(Closed) BM’s bad boyfriend – need advice (long)

posted 8 years ago in Relationships
Post # 3
Member
4001 posts
Honey bee
  • Wedding: June 2010

Ah!  That’s rough stuff.  I actually really feel bad for M, she’s in an awful situation.  That being said, I do think you should talk to her about your concerns.  You have every right to worry about his conduct at your wedding.  She should know how you feel, and hopefully she responds with understanding.  Its one thing to support her decision to stay with him, but to expect you to have what would basically be blind faith in him not to act up at your wedding, is entirely different.  I wouldn’t risk it.  But make sure your friend knows that you’re there for her.  Also, maybe seek some info on support groups for her in your area. 

Post # 4
Member
1487 posts
Bumble bee
  • Wedding: October 2010

I sort of dealt with this, but instead of a friend’s loser boyfriend (and this guy does sound like a loser) it’s my FI’s sisters.

I decided to talk to him about it, our wedding is in a small town, and while I abhor drug use anyway, it would be bad for my parents if their guests in this tiny town got caught with drugs.

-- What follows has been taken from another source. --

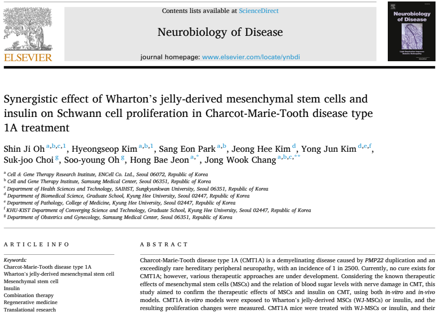 첨단바이오의약품 신약개발 전문기업 이엔셀은 최근 샤르코-마리-투스병 1A형의 새로운 치료 방법에 대한 논문이 신경과학 분야의 권위 있는 학술지 ‘Neurobiology of Disease’에 게재됐다고 11일 밝혔다.

Fiance said he would handle it, that I wouldn’t worry, and that if any of them brought anything, he would have no problem removing them from the property himself.  And that’s the most assurance I can get.

While I agree you should be there for your friend, I don’t think you have to support her relationship.  You can support her without supporting what she’s doing, and although that may hurt her feelings, it shows how seriously you feel about this.  Sort of an “I love you, but I don’t love what you’re doing”.  And I agree about support materials, leaving a bad situation can be so overwhelming, just because you don’t know what to do first, so maybe try to point her in the right direction?

Post # 5
Member
411 posts
Helper bee
  • Wedding: January 2011

How far away is your wedding?

If it’s 4+ months, there’s always the chance that your friend will wise-up before then and kick him out/move out. If your wedding is quickly approaching, then I’d address the issue. Maybe tell your friend that he’s not welcome if he’s still doing drugs or something?

Post # 7
Member
829 posts
Busy bee
  • Wedding: November 2010

Wow! I am so sorry you are in this situation. I do not know what I would do. I personally am known for being very honest. I had a situation where I hated my friends long term boyfriend. He use to be so horrible to her. I straight out did not want her to invite him and nicely talked to her about it. She understood and was not offended. She also knew I was already having problems with the guest list. She also knows how I am. It depends on how your friend would react to you if you should say something or just suck it up.   GOOD LUCK!

Post # 8
Member
1854 posts
Buzzing bee
  • Wedding: December 2009

Ahh so sorry for your friend! You’re being very empathetic to her situation, and non judgemental, kudos to you.

I would wait a bit to see if she leaves or not. If she stays with him, and you do not want him at your wedding, I would speak to her.

I know you don’t want to hurt her feelings by telling her you don’t like her SO, but from what I hear, this is not the case. You like the guy, but not his actions of the last while. Even if you would have liked to have him at your wedding, you are not willing to have him under the influence of drugs, which right now, have the best of him. If he is willing to put drugs before his girlfriend, why would he not put them before being his best self at your wedding? Tell her you want the best for her and for him, but that you can not spend your wedding day worrying about him and his substance abuse.

Good luck

Post # 9
Member
53 posts
Worker bee
  • Wedding: September 2012

Wow! First off, I think you’re being a wonderful friend for supporting her decision. I’ve learned early on that no matter how much you tell a friend that she is making a mistake and her knowing that he is bad for her, words can only do so much. She needs to truly realize how healthy or unhealthy her relationship is before she can really make a decision for herself.

If they are together in September, I would approach her and be open with her. Explain to her what an important event this is for you and your future husband and that you do not want any drama. Tell her directly but in a supportive way. She may be upset but in the end, your friendship should be strong enough that you can be open with one another.

Stay strong.

The topic ‘BM’s bad boyfriend – need advice (long)’ is closed to new replies.